2. Whether depreciation should be considered in the valuation.
3. Determination of market value versus written down value (WDV) of gas cylinders.
4. Applicability of section 7(1) and 7(2) of the Wealth Tax (WT) Act.
5. Burden of proof regarding the market value of depreciable assets.

Issue-wise Detailed Analysis:

1. Valuation of Assets of M/s. Universal Oxygen Company for Wealth Tax Purposes:
The primary issue is whether the assets of M/s. Universal Oxygen Company, where the assessee is a partner, should be valued based on the balance sheet figures or if adjustments, particularly for depreciation, should be considered. The balance sheet as on 31-3-1981 showed gas cylinders valued at Rs. 29,70,725.80, without accounting for depreciation. The assessee's 1/3rd interest in the firm's depreciation amounted to Rs. 9,90,242, which was not reflected in the balance sheet due to consistent losses.

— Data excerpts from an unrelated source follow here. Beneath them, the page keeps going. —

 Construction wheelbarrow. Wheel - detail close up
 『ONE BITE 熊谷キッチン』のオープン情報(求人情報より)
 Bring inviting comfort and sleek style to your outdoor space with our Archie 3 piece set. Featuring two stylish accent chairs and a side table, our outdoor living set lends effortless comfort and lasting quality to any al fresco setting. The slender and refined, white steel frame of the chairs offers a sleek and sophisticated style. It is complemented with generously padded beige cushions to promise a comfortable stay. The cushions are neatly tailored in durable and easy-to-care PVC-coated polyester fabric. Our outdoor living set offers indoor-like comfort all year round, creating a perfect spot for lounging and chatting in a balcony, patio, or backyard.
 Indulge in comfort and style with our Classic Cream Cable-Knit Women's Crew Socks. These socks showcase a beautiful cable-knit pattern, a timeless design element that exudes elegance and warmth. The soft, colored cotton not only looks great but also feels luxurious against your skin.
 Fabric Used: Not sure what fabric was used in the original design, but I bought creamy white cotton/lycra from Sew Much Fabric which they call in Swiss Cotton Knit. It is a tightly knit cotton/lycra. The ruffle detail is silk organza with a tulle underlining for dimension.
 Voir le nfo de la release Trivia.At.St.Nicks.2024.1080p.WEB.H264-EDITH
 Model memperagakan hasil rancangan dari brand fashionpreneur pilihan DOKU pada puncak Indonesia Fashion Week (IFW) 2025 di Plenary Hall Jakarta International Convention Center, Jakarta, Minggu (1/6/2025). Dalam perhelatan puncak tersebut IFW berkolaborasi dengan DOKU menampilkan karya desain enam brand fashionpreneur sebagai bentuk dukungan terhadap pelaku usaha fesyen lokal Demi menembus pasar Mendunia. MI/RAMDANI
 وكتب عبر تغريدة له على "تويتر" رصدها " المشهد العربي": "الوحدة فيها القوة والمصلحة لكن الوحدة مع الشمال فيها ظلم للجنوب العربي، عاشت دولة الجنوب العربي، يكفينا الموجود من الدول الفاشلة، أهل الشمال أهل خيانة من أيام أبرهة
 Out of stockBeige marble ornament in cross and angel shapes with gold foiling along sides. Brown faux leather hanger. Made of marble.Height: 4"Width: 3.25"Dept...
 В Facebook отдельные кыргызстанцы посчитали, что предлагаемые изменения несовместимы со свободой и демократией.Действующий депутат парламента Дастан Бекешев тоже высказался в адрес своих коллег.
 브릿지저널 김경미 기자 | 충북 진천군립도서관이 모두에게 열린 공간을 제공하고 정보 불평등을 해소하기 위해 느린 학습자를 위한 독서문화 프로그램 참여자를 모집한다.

2. Whether Depreciation Should Be Considered in the Valuation:
The assessee argued that the value of gas cylinders should reflect the 100% depreciation granted under the Income-tax Rules, which was not accounted for in the balance sheet. The ITO and AAC rejected this, stating that the market value should be considered without depreciation adjustments, and the written down value (WDV) from income-tax records does not represent the market value for wealth tax purposes.

3. Determination of Market Value Versus Written Down Value (WDV) of Gas Cylinders:
The Tribunal analyzed whether the market value of the gas cylinders exceeded their WDV by more than 20% as per Rule 2B(2) of the WT Rules. The WTO failed to provide tangible evidence or comparable sale instances to prove that the market value was 20% higher than the WDV. The Tribunal emphasized that the burden of proof lies with the Department to establish this excess market value.

4. Applicability of Section 7(1) and 7(2) of the Wealth Tax (WT) Act:
Section 7(1) requires the value of assets to be estimated as the price they would fetch in the open market. Section 7(2)(a) allows the WTO to determine the net value of business assets as a whole, considering the balance sheet and making prescribed adjustments. The Tribunal noted that while the WTO can make adjustments, they must be based on tangible evidence, especially when claiming that market value exceeds WDV by more than 20%.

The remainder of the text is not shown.